What the article does is use a clever manipulation to derive an equation that does away with explicit $L$ dependence, leaving a single-variable differential equation in $u$ to be solved.
$$\frac{\partial J (u_0(L),L)}{\partial u}=1-\beta^2=-2+\frac{u_0(L)}{f\left(\frac{1}{u_0(L)}\right)}\left[\frac{d}{du}f\left(\frac{1}{u}\right)\right]_{u=u_0(L)} \tag{7}$$
In (7), we find that all the dependence on $L$ is through the function $u_0(L)$. Since $u_0(L)$ is assumed to be a smooth function of $L$, we can really just drop the $L$ and solve for $u_0$. This is equivalent to having derived
$$\frac{\partial J (u,L_0(u))}{\partial u}=1-\beta^2=-2+\frac{u}{f\left(\frac{1}{u}\right)}\frac{d}{du}f\left(\frac{1}{u}\right)\tag{8}$$
This gives a differential equation for $f(r)$ which we can solve, and work back to get $J(u,L)$.
Best Answer
The orbit is in 2d and "oscillates" between a minimum and a maximum $r$. The position in the plane if given by $(r(t),\phi(t))$ but here $t$ has been eliminated and you have $r(\phi)$.
As you go once from $r_{min}$ to $r_{max}(\phi)$, the body will advance along the orbit by an angular distance $\Delta \phi$. As you go from $r_{min}$ to $r_{max}$ and back to $r_{min}$, you advance by an angle $2\Delta \phi$.

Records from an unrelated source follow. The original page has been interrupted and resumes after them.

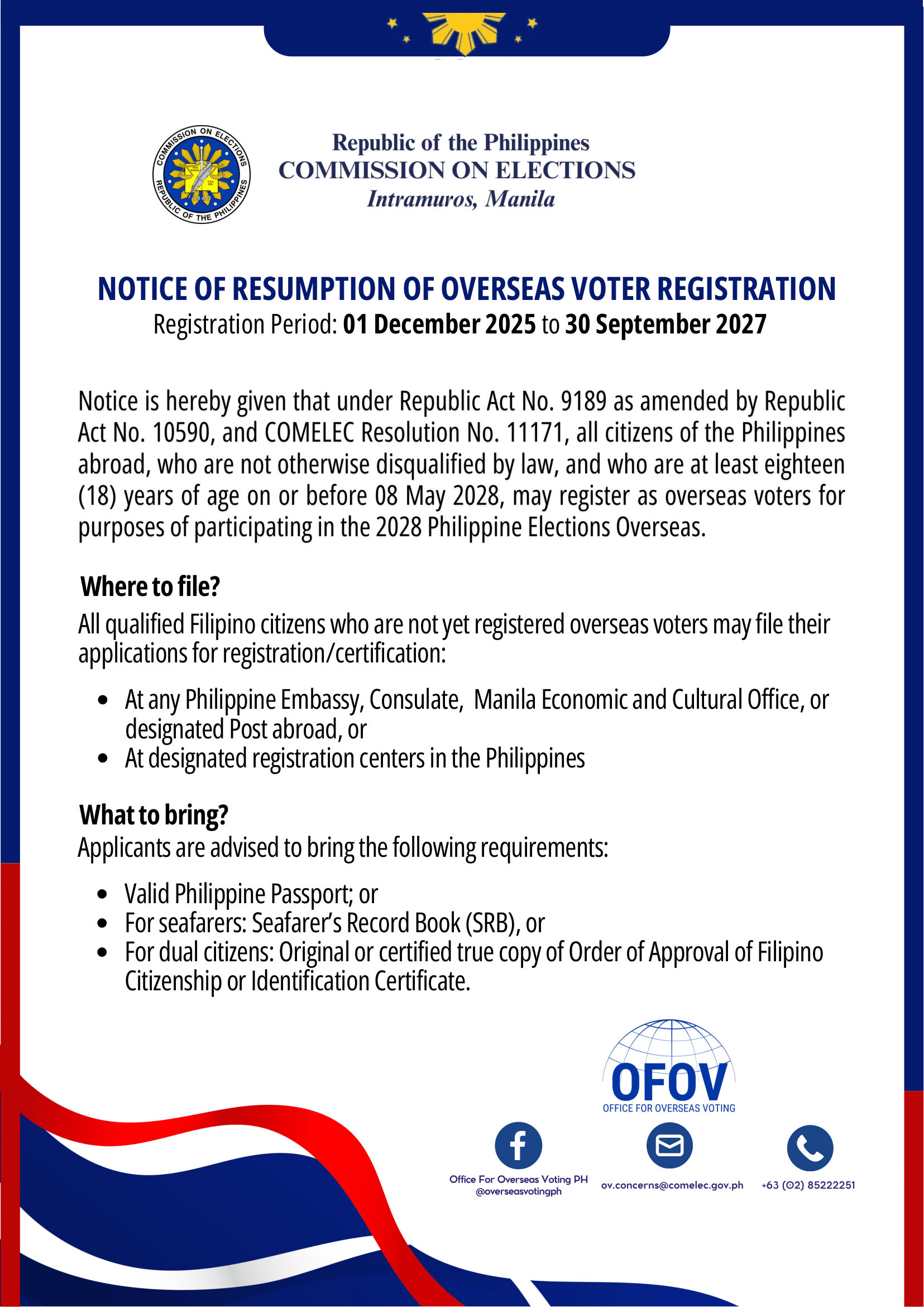 View latest update on visa-free entry to the Philippines and Balikbayan Program, as well as instructions on applying for various visa types from the Consulate.
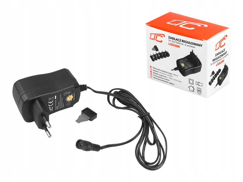 Стабілізоване джерело живлення дозволяє живити пристрої, струм споживання яких не перевищує 1200 мА. Регульовані значення вихідного струму 3 / 4,5 / 5 / 6 / 7,5 / 9 / 12 В роблять цей блок живлення неймовірно універсальним пристроєм. Джерело живлення можна використовувати для живлення таких пристроїв, як: портативні радіостанції, програвачі компакт-дисків, електричні іграшки, мобільні телефони, клавіатури, відеоігри та багато інших пристроїв, які відповідають поточним параметрам.
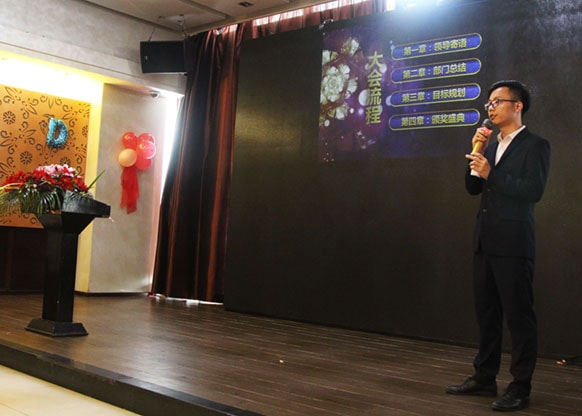 介紹完大會流程,那么接下來2017年海藍機電總結大會正式開始,首先由海藍機電的掌舵人朱總為我們致詞并就2017年工作成績進行匯總為海藍家人指明我們2018年的航向。
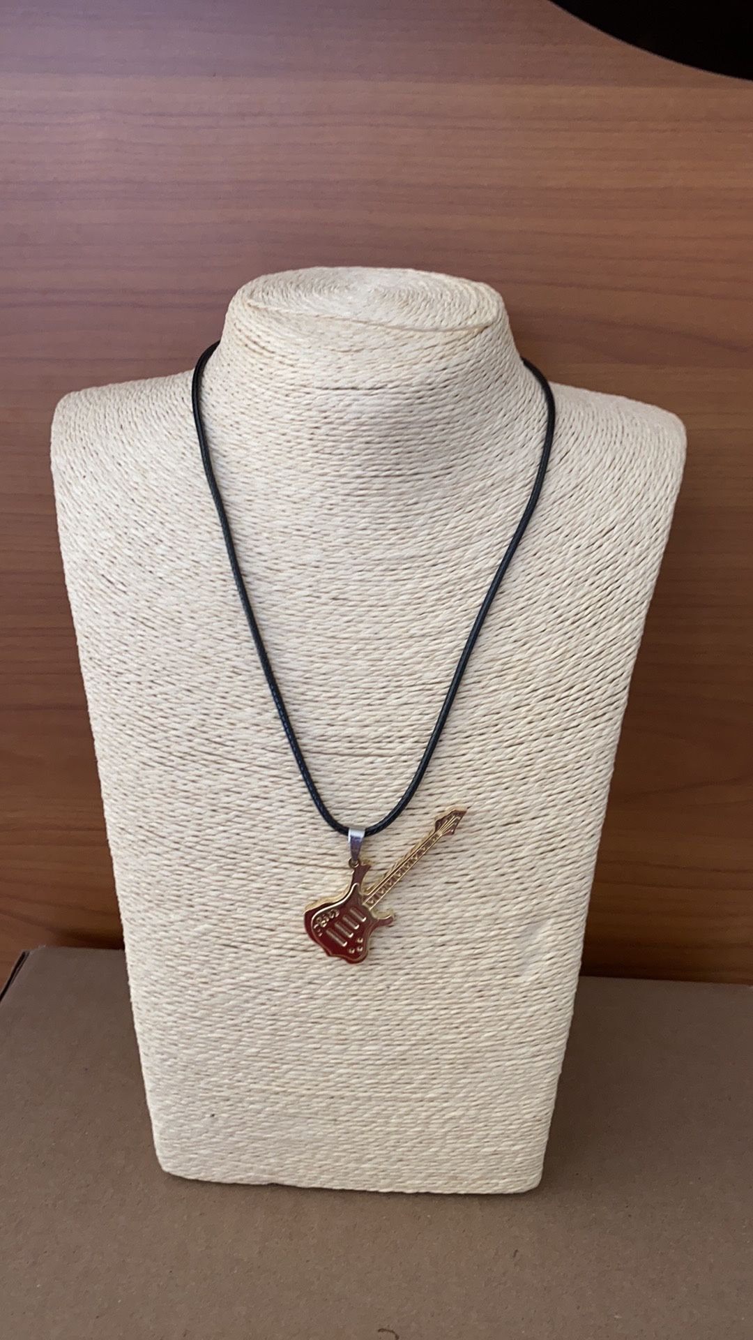 High quality men's stainless steel guitar gold-plated design pendant necklace with adjustable leather cord length 22 inches

To get a closed orbit, you must eventually come back to your starting point, meaning you must make an integer number $b$ of trips between $r_{min}$ and $r_{max}$ while advancing by an integer multiple $a$ of $2\pi$. This is the geometrical origin of the $2\pi a/b$ factor.

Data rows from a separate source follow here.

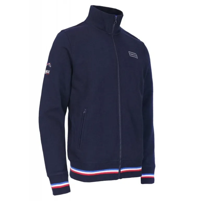 La veste sweat Reveurh de la marque Harcour, arbore fièrement le drapeau français brodé dans le dos sur la manche droite et le logo Harcour sur la poitrine gauche.
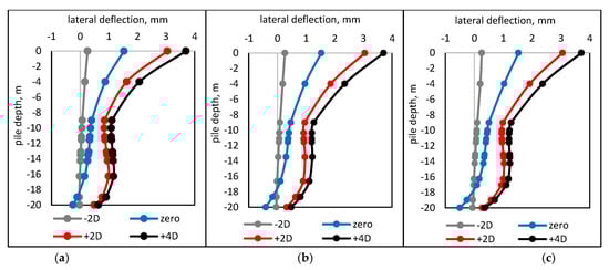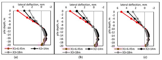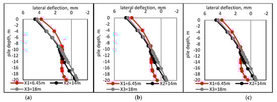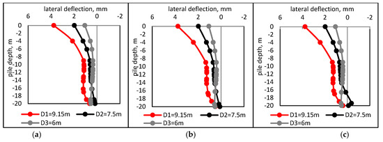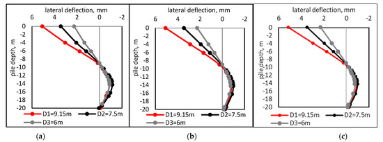 Figure 18 and Figure 19 present the comparison of the lateral deflection behavior of the Near, Middle, and Rear piles for the deep and shallow tunnel at various Xpile (6.45, 14, and 18) m and constant tunnel diameter Dtun of 9.15 m. As it can be seen, the lateral deflection at the pile head is higher than the pile tip, owing to the upper part of the tunnel which has a larger volume of over-cut than the lower part where the restraining effect happened [44]. In addition, an increase in the distance between the tunnel and the pile does not further affect the maximum values of lateral deflection in contrast to the tunnel depth [52].
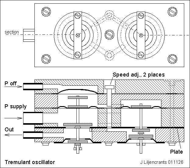 If you modulate the force on the moving armature, then the output pressure will follow. This is true irrespective of what is the air consumption rate as long as we stay within limits, essentially given by the capacity of the blower and trunking system. One may devise many methods to do this agitation for tremulant use, pneumatic, mechanic, electromagnetic, or whatever. But it appears one of the simpler is the method proposed here, to inject an intermittent control pressure into the balancing bellows, coming from the oscillator described below. When the balancing bellows is pressurized, that pressure, times the balancing bellows area, is added to the upward force on the armature. The valve then goes up (closes). The regulated output pressure drops by a corresponding amount, so that the same total upward force opposes the spring. In the present design the areas A and B relate as 9:1 suggesting that in tremulation the output pressure would oscillate between 100% (F/(A-B)) and 89% (F/A) of normal, if the control pressure is the same as the regulator output pressure. In my organ I drive the oscillator from the coarse regulated supply that is about 50% higher pressure, so the tremulation is correspondingly bigger, still perhaps quite modest. For heavier tremulation you might install an external bellows pulling the lid, possibly connected using an adjustable lever.
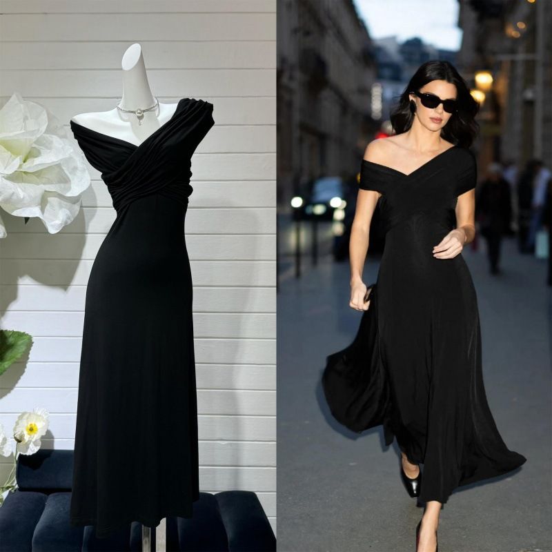 2024 Summer New Cross Pleated Off-Shoulder Dress French Waist A-Line Flared Dress
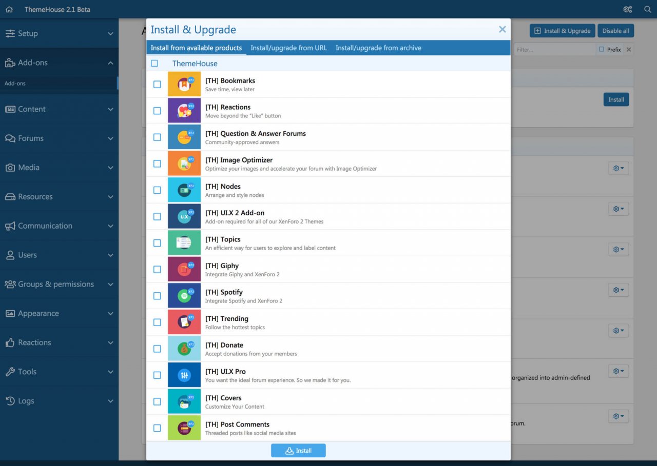 - Easily view what ThemeHouse (using your API key) or 3rd-Party add-ons, themes, and languages you want to install or upgrade

Edit: In answer to a comment, two situations are illustrated below. In both cases $r_{min}=1$ and $r_{max}=3$, and these values are shows as red thick lines. These values restrict the orbits to a ring of inner radius $1$ and outer radius $3$. The radius oscillates between $1$ and $3$ with some frequency $\omega_r$, as can be seen by the black lines in the figures.
The parametric equations for the figures on the left and the right are, respectively, $$ r(\phi)=2+\cos\left(\sqrt{3}\phi\right)\, ,\qquad \hbox{and}\qquad r(\phi)=2+\cos\left(\phi\right) $$
In the first case, the ratio $\omega_\phi/\omega_r$ is not commensurate since $\sqrt{3}$ is irrational, and the orbit does not close. The best way to see this is to note that the start of the parametric curve is at $r=3,\phi=0$ but, at the end of the curve, $r\ne 3$. Because the ratio $\omega_\phi/\omega_r$ is irrational, the orbit would eventually densely fill the ring.
In the second case, on the other hand, the ratio $\omega_\phi/\omega_r$ is commensurate, and one can show (if we follow the curve through its $\phi$ evolution) that in fact it goes from $r_{min}\to r_{max}\to r_{min}$ exactly once when $\phi$ goes from $0\to 2\pi$.